DAF-DNA Amplification fingerprinting is a variant and independently

developed method. Short primers of 5-8 nucleotides are used that produces a

complex banding pattern. Only two temperature cycles are used. The products are

then separated by polyacrylamide gels and detected by silver staining. It has been

used to identify Magnoliae officinalis (Wang et al., 2001).

Both DAF and AP-PCR are different with respect to the length of random

primers, amplification conditions and visualization methods. Both do not require

prior genetic information and a single random primer is required.

Restriction Fragment Length Polymorphism (RFLP)

In RFLP, the genome of the plant is digested with suitable restriction endonuclease

enzyme and fragments of genomic DNA are run on gel electrophoresis. Thereafter,

the fragment of DNA is transferred to a membrane for Southern blotting.

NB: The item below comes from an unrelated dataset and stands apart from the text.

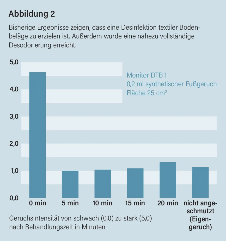 In bisherigen Ergebnissen konnte gezeigt werden, dass unter Einhaltung optimaler Prozess- und Plasmaparameter eine Desinfektiontextiler Bodenbeläge zu erzielen ist. Außerdem wurde eine nahezu vollständige Desodorierung (Abbildung 2) erzielt, wobei für die Untersuchungen verschiedene Lebensmittelgerüche und synthetischer Fußgeruch als Anschmutzungen eingesetzt wurden.
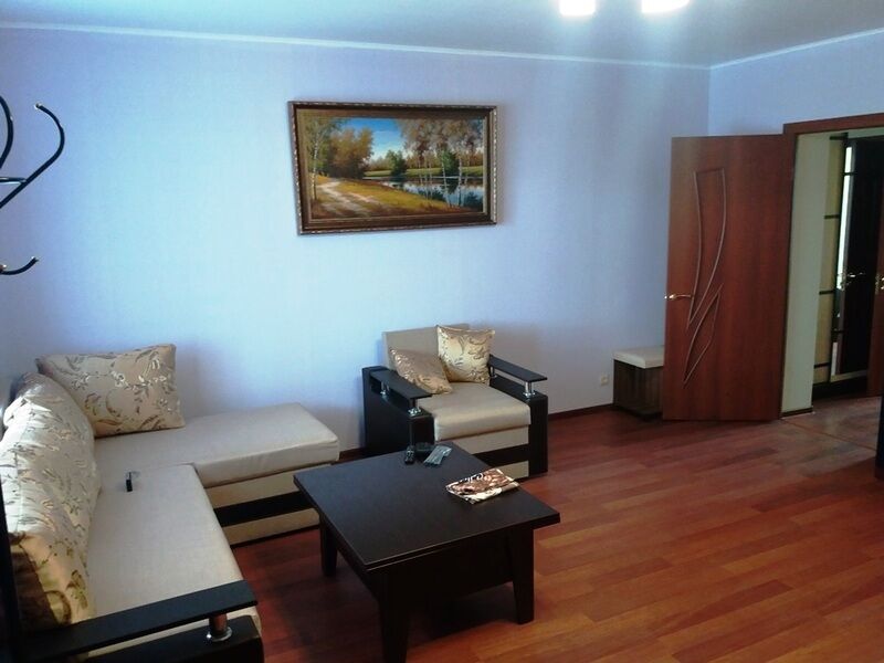 - в гостиной есть диван, который можно разложить в удобную кровать, ТВ, акустическая система, журнальный столик, раскладывающийся в большой стол, за которым сможет уместиться 5-6 человек;

Hybridization of the membrane to a labeled DNA probe determines the length of

the fragments which are complementary to the probe. A RFLP occurs when the

length of the detected fragment varies between individuals. Each fragment length

is considered an allele, and can be used in genetic analysis. The polymorphism is

detected by the presence or absence of bands. Analysis of RFLP variation was an

important tool in genome mapping, localization of genetic disease genes, genetic

fingerprinting etc. Such a polymorphism can be used to distinguish plant species,



genotypes and in some cases, individual plants. This technique is time consuming,

labour intensive and requires a large quantity of good quality and undegraded

DNA.

Different medicinal plants have been evaluated using RFLP technique. RFLP

was used to identify different Fritillaria species (Tsoi et al., 2003), Rheum species

(Yang et al., 2004), differentiation of Panax ginseng and Panax quinquefolius (Ngan et

al., 1999). RFLP has been used differentiate Codonopsis from its adulterants (Fu et

al., 1999), Lupinus (Yumazaki et al., 1993), Hedysarum species (Trifi-Farah et al.,

2001), Dendrobium species (Li et al., 2005) and Bulbus Fritillaria (Wang et al., 2005).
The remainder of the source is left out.